About this exercise:
Look over the material below and count the lines that include "brown". Give only the total.

Dataset extract:
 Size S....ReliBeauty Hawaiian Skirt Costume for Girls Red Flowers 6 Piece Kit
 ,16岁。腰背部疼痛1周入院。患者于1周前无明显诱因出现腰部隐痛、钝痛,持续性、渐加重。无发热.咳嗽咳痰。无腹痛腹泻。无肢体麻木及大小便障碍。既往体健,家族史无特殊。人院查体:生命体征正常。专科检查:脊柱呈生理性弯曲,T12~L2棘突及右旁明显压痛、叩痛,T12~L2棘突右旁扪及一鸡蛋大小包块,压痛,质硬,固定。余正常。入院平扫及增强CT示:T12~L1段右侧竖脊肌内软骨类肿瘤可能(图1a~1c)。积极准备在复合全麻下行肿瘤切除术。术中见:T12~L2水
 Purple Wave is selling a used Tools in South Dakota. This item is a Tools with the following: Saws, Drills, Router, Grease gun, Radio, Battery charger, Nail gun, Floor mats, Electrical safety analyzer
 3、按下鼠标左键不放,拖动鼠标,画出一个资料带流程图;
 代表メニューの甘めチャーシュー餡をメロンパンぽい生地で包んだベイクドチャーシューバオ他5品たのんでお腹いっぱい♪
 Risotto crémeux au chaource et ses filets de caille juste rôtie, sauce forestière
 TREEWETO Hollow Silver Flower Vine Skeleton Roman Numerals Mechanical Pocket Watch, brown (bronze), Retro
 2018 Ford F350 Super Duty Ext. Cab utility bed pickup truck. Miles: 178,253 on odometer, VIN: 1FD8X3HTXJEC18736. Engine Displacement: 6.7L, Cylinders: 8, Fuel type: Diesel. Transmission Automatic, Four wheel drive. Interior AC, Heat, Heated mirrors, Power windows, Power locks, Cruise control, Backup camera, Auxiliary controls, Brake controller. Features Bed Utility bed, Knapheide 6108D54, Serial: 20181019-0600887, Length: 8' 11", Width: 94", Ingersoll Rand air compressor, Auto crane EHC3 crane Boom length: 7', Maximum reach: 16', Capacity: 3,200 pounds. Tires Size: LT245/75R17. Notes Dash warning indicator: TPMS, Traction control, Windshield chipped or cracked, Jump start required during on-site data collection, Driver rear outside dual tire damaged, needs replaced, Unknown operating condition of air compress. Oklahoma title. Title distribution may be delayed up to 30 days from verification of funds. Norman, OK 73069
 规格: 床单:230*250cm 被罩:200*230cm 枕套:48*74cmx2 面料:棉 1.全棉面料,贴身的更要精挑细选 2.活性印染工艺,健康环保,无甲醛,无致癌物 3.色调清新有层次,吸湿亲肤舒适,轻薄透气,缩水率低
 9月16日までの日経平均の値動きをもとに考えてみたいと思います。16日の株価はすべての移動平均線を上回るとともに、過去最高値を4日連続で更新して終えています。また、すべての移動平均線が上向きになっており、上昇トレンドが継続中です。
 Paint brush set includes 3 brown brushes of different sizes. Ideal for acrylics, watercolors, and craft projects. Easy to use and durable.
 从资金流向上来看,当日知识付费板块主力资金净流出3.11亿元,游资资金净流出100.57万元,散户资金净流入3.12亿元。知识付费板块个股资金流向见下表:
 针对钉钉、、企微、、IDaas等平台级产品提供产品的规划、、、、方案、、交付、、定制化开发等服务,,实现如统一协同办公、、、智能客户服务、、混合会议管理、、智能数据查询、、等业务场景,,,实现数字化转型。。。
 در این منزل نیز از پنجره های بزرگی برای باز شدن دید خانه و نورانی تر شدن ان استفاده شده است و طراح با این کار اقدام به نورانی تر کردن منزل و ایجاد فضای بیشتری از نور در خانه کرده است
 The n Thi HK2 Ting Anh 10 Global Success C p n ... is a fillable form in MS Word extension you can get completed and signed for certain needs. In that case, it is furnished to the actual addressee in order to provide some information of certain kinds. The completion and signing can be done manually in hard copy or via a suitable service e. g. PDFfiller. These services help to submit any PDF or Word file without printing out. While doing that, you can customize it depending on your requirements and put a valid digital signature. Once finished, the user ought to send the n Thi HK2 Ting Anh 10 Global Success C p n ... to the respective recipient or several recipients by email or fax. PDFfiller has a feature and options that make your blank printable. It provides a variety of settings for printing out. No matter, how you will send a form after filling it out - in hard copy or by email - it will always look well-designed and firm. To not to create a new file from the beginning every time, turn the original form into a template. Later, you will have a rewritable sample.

Problem solution:
2